What's the relationship between t test and t distribution?

132 Views Asked by At

This question always confuses me. I know the Student's t distribution is defined as follows: let $Z \sim N(0,1)$ and $V \sim \chi^2(v)$. If Z and V are independent, then the distribution of

$$T=\frac{Z}{\sqrt{V/v}}$$ has the Student's t distribution with v degrees of freedom.

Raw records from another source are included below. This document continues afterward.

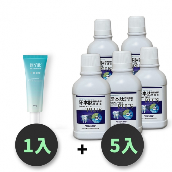 固牙肽 牙周凝露 60g-1入+牙本肽PLUS 漱口水300ml-5入 台灣製 口腔保健組合 牙齦護理 專利胜肽+SGS檢驗安全成分 GMP工廠生產 產品責任險保障
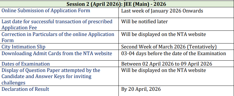 नेशनल टेस्टिंग एजेंसी के अनुसार, JEE Main 2026 सेशन 1 का रिजल्ट आज किसी भी समय जारी हो सकता है। अगर इस रिजल्ट में आपका स्कोर अच्छा नहीं है तो आपके पास एक दूसरा मौका भी है।
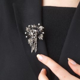 FLOWERING BRANCH-SHAPED DIAMOND BROOCH IN SILVER
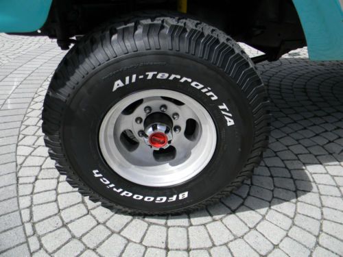 1966 Ford F-100! Classic blue and cream color scheme, factory 4 wheel drive truck however the front drive shaft has been removed. This truck has brand new 35 inch BF Goodrich All Terrains, has just been serviced in the engine and brakes, new air cleaner, new battery, new front bumper. The body has some rust spots and will need to be filled when the truck is painted. This truck is 3/4 of the way restored and just needs the new owners paint scheme and body work. This truck was picked up in Jacksonville and driven to Daytona Beach to be sold. On I-95! 80 MPH! Runs and drives great! The truck has the factory A/C blower system, also has a suspension lift. Wheels, suspension, tires are all in great shape. Truck has a CD player and Sony Speaker setup that just needs to be installed, the seats have been recently covered and match the exterior color scheme and look like new! No rips or tears or discolorations. Custome Roll bar has been installed and truck also has a tow package. Truck has a Ford 390CI V8 Big Block and a 4 speed on the floor manual transmission. Check out the pictures and give me a call with any questions!
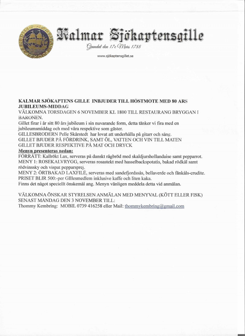 Höstmötet kommer att hållas på Restaurang Bryggan den 8 November klockan 1800.
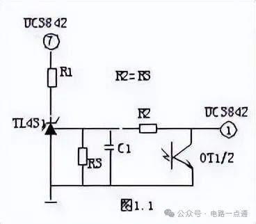 输出电路短路或电流过大,TR1次级线圈感应的电压就越高,当UC3842③脚超过1伏,UC3842停止工作,周而复始,当短路或过载消失,电路自行恢复。
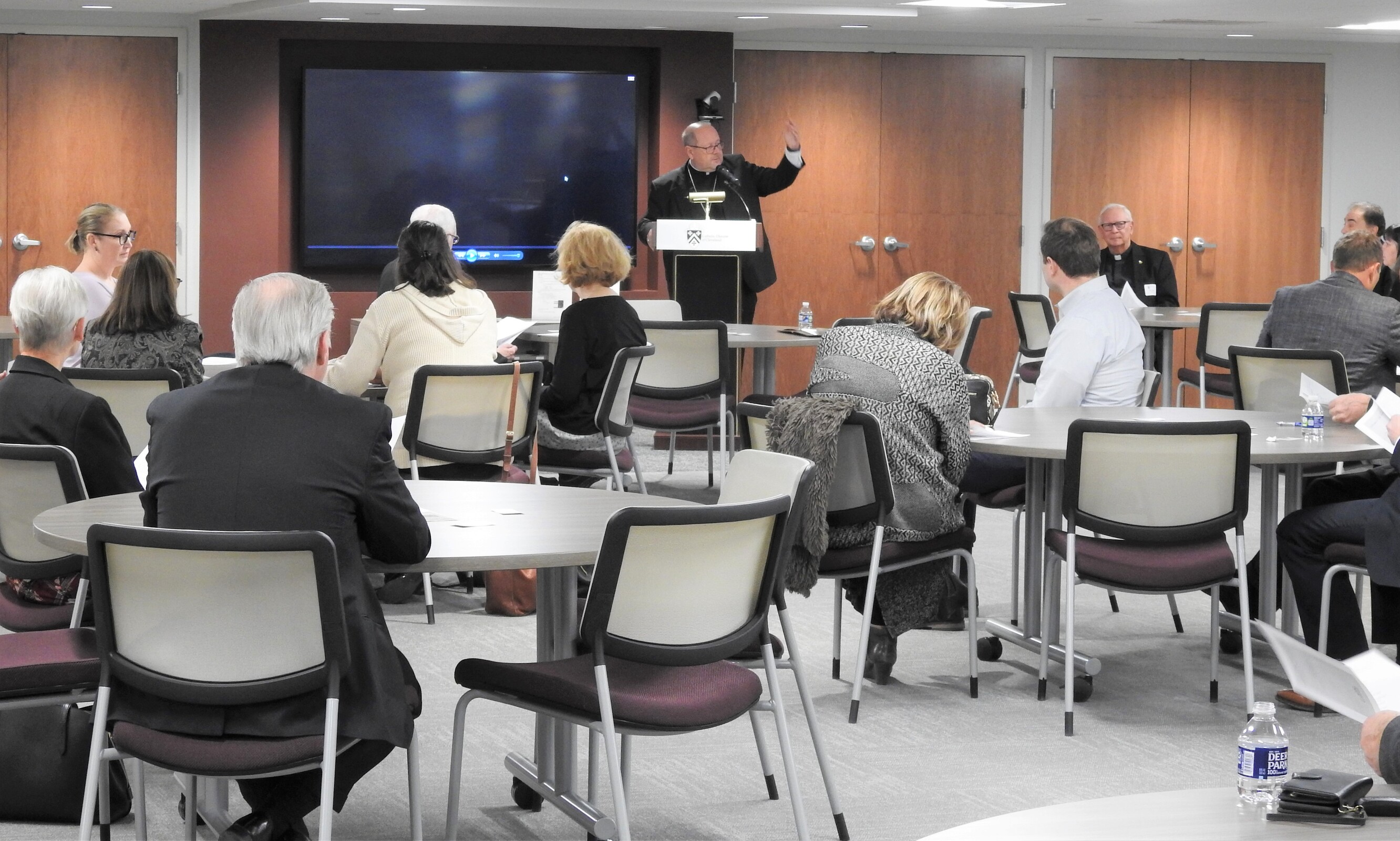 Members of the Lawyer’s Guild of the Catholic Diocese of Cleveland spent about two hours on March 20 socializing, praying evening prayer, enjoying a simple soup, salad and sandwich meal and listening to a Lenten reflection from Bishop Edward Malesic. The group gathered in the diocesan Cathedral Square Plaza offices.
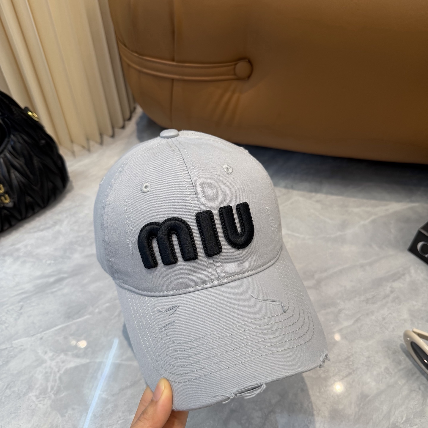 這款帽子是AAAAA 1:1 質量(非常棒). 使用了和原版一模一樣的材料. 商標部分也保持了和繆繆/Miu Miu一樣. 圖片拍攝是實物帽子拍攝, 您所收到的實物保證和我們圖片一模一樣.
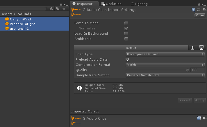 Наприклад, у моєму проекті я маю 3 звуки з різними цілями, і, як бачите, усі вони мають стандартні налаштування імпорту, які не підходять для кожного типу звуку.
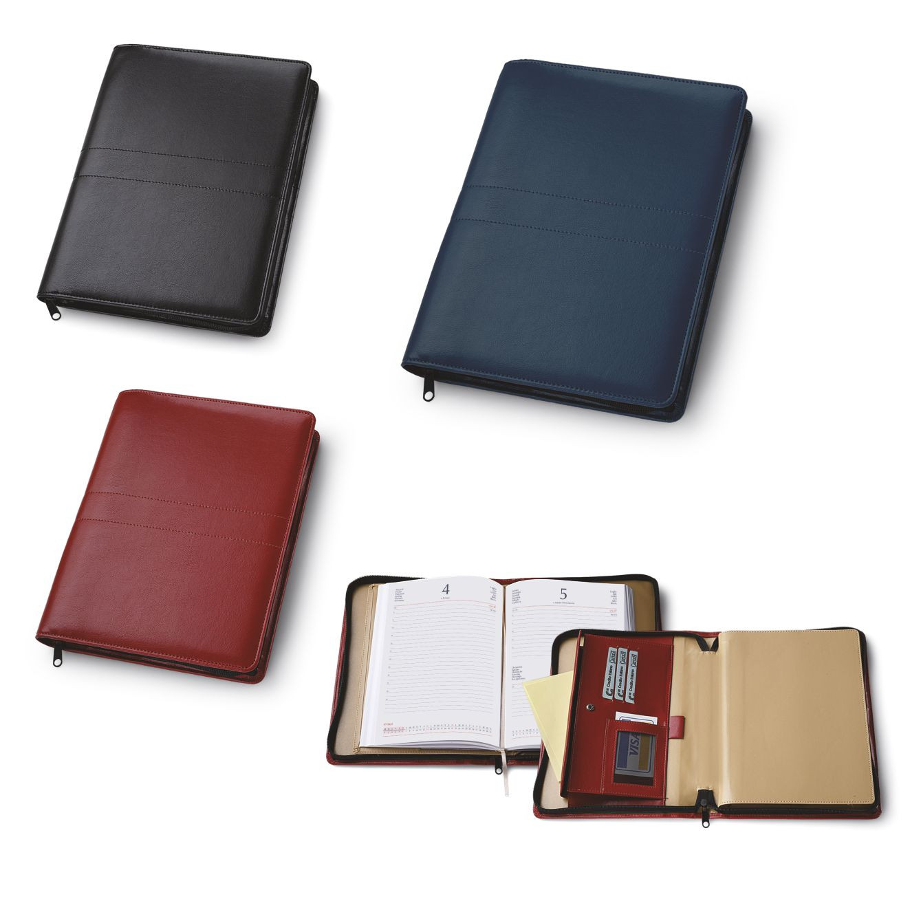 Agenda borsello in similpelle. 324 pag. Tasca interna porta documenti chiusa con bottone. Varie tasche porta card, vano porta penne. Interno mobile giornaliero (17x24). Stampa 2 colori. Multilingue. Sabato e domenica abbinati, rubrica telefonica. Colori: nero, blu. bordeaux. Confezione in astuccio. Dimensioni cm. 18x25 Imballo: 30xcolore
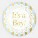 Baby shower bleu et or ou autocollants faire-part de naissance qui disent, "C'est un garçon !"
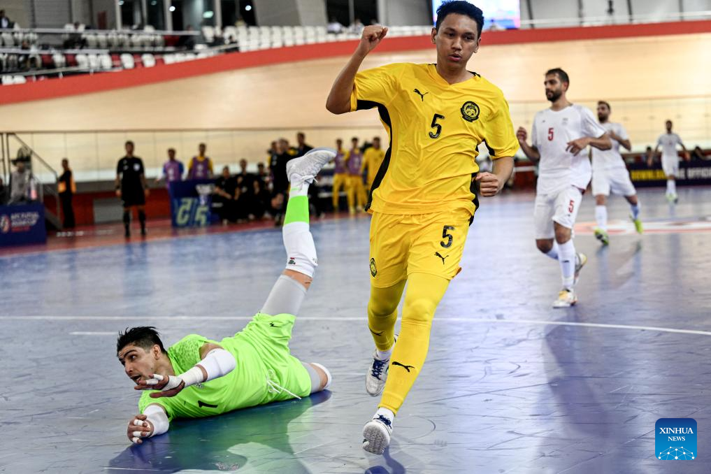 Mohamad Alalluddin Nawi (C) of Malaysia celebrates scoring during the group D match between Iran and Malaysia at the AFC Futsal Asian Cup 2026 in Jakarta, Indonesia, Jan. 28, 2026. (Xinhua/Agung Kuncahya B.)

I also know parametric method t-test. Assume $F=N(\mu, \sigma^2)$, $X_1, X_2,...,X_n \sim N(\mu, \sigma^2)$ , iid. Test statistic:

$$T= \frac{\bar{X}-\mu}{S/\sqrt{n}} \sim t_{n-1}$$

What's the relationship between the two above?

1

There are 1 best solutions below

0
On

The issue is making the connection between the test statistic

$$T_{\text{test}}=\frac{\bar{X}\,-\,\mu}{S/\sqrt{n}}$$

to assess the deviation of the sample mean from the population mean when the population variance $\sigma$ is not known (in real life situations), and the t-distribution:

$$T_{\text{test}}=\frac{\bar{X}\,-\,\mu}{S/\sqrt{n}}\sim t_{n-1}$$

Perhaps the following simple tricks could help see it a bit more intuitively. Starting off from the intended statistic:

\begin{align} \frac{\bar{X}\,-\,\mu}{\frac{S}{\sqrt{n}}} &= \frac{\bar{X}\,-\,\mu}{\frac{\sigma}{\sqrt{n}}} \frac{1}{\frac{S}{\sigma}}\\[2ex] &\sim Z\,\frac{1}{\frac{S}{\sigma}}\\[2ex] &\sim\frac{Z}{\sqrt{\frac{\color{blue}{\sum_{i=1}^n(X_i-\bar X)^2}}{\,\color{blue}{\sigma^2}}\frac 1{(n-1)}}}\\[2ex] &\sim\frac{Z}{\sqrt{\frac{\color{blue}{\chi_{n-1}^2}}{n-1}}} \end{align}

where $\small X_1,\dots,X_n$ are iid $X_i \sim N(\mu,\sigma^2),$ and $S=\small \frac{\displaystyle\sum_{i=1}^n(X_i-\bar X)^2}{n-1}.$

The question then boils down to getting an idea of the step in blue above:

$$\small \frac{\displaystyle\sum_{i=1}^n(X_i-\bar X)^2}{\sigma^2}\sim \chi_{n-1}^2$$

From Wikipedia, the chi-square distribution with $k$ degrees of freedom is the distribution of a sum of the squares of $k$ independent standard normal random variables.

However, and also from Wikipedia in here, the iid normally distributed random variables from which the sample is obtained geometrically form a random vector $\small \begin{bmatrix}X_1,\dots,X_n \end{bmatrix}^\top,$ and likewise the error from the mean of these iid normal rv's, $\small X_i-\bar X,$ i.e. $$\small\begin{bmatrix} X_1 - \bar X\\ \vdots\\ X_n-\bar X \end{bmatrix}$$

can be seen as its projection on an $(n-1)$-dimensional subspace of $\mathbb R^n$ orthogonal to the span of the vector $\small \begin{bmatrix}1,\dots,1 \end{bmatrix}^\top$

enter image description here

which will result in a predictable loss of one degree of freedom. The $n-1$ degrees of freedom also can be seen from the fact that $\sum_{i=1}^n (X_i-\bar X)=0.$

And the squared norm of this vector will logically follow a $\chi^2_{n-1}$ scaled by a $\sigma ^2$ factor.